A broad base of research supports cell therapy strategies to be a strongly effective way in the treatment of different diseases [16, 18, 33, 34]. MSCs act as adult stem/stromal cells that could differentiate into specific tissues cells induced by local microenvironment when they were damaged and could secrete various cytokines. Previous studies have demonstrated that MSCs, especially those adipose derived, possess anti-inflammatory and immunomodulatory functions. Intriguingly, MSCs and IL-37 both could inhibit NLRP3 inflammasome activation, but research has suggested different mechanisms were involved. MSCs have been noted for ischemia reperfusion injury, and good results have been obtained, which could decrease NLRP3 activation via clearing excessive ROS as reported [18]. However, as described above, IL-37 plays an important anti-inflammatory and immunomodulatory capacity in a variety of inflammatory and autoimmune diseases. In addition, IL-37 in vivo could inhibit NLRP3 activation also in colitis- and LPS-induced disease [19, 22, 35–37]. In a recent study, Rudloff et al. reported that IL-37 significantly suppresses inflammasome activity in vivo to ameliorate inflammasome-driven diseases, which could corroborate our study results to some extent [38].

However, either mesenchymal stromal cells or IL-37 showed limited roles to relieve intestinal IRI [25, 26, 39]. Thus, it was very important to find a way to enhance the effects of MSCs. During the past decades, remarkable progresses have been made in the area of gene-engineered MSC-based therapy. Based on these points, we utilized MSCs as a vehicle to drive IL-37 and further release IL-37 in vivo (the result is demonstrated in the supplementary figure (available here) that IL-37 expression in the serum in the IL-37-MSC-treated group was higher than that in the MSC-treated group) to help better inhibit NLRP3 inflammasome activation to alleviate damage, thereby enhancing the effects of MSCs in the intestinal IRI model.

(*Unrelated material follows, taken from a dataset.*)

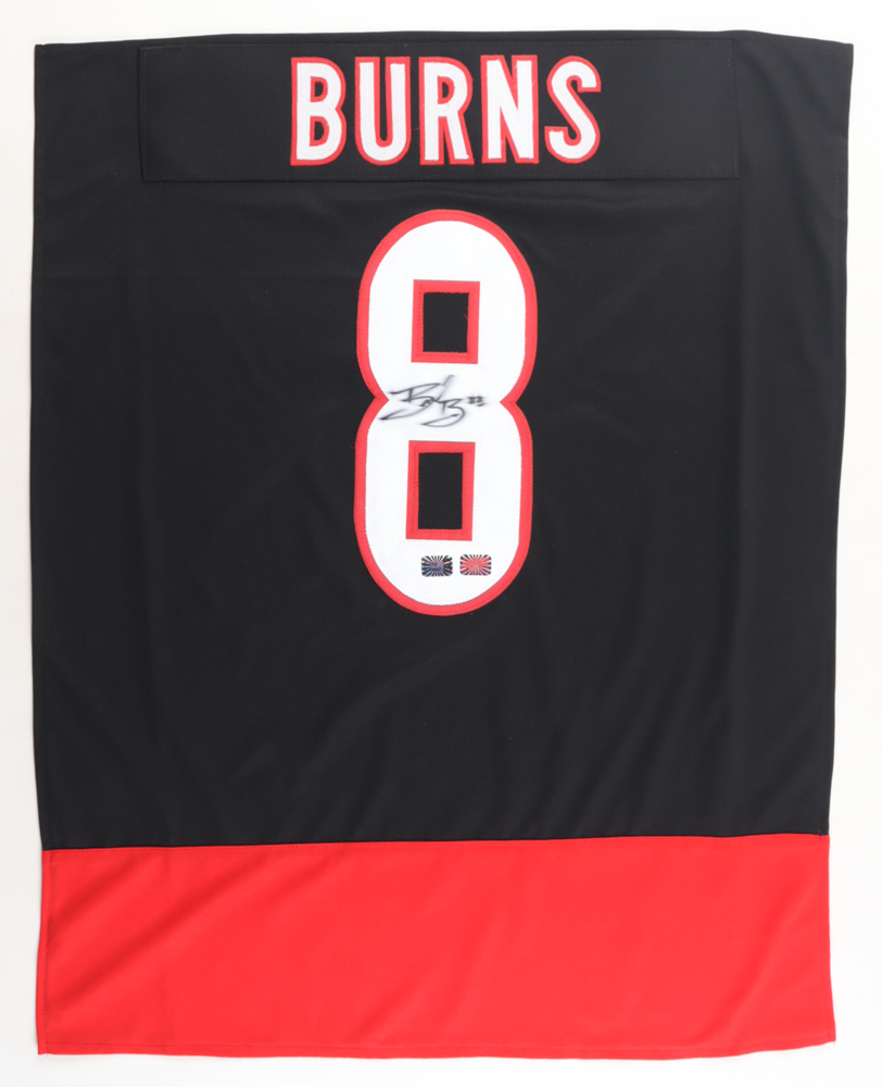 Jersey swatch measures 23" x 29" and has been hand-signed by Brent Burns. Please note, the swatch is not made from an authentic jersey. Please note, the signature has bled and is fading.

This is the first study to demonstrate that IL-37 could play a protective role in the intestinal IRI and illustrated that IL-37 gene modification could enhance the therapeutic effects of MSCs in the ischemia reperfusion injury. However, many mechanisms are involved in the IL-37-MSC treatment in intestinal IRI, and more specific mechanisms remain to be explored.

5. Conclusion

In conclusion, IL-37 gene modification could enhance the therapeutic effects of MSCs. IL-37-MSCs improved intestine barrier function, improved injured tissue microenvironment, and inhibited the NLRP3-mediated signaling pathway, which exert a much better protective role in intestinal IRI than MSCs. NLRP3-related signaling pathways could be related to the process of IL-37-MSC-mediated protection. IL-37-MSC treatment acted as an effective tool to protect the intestine against IRI.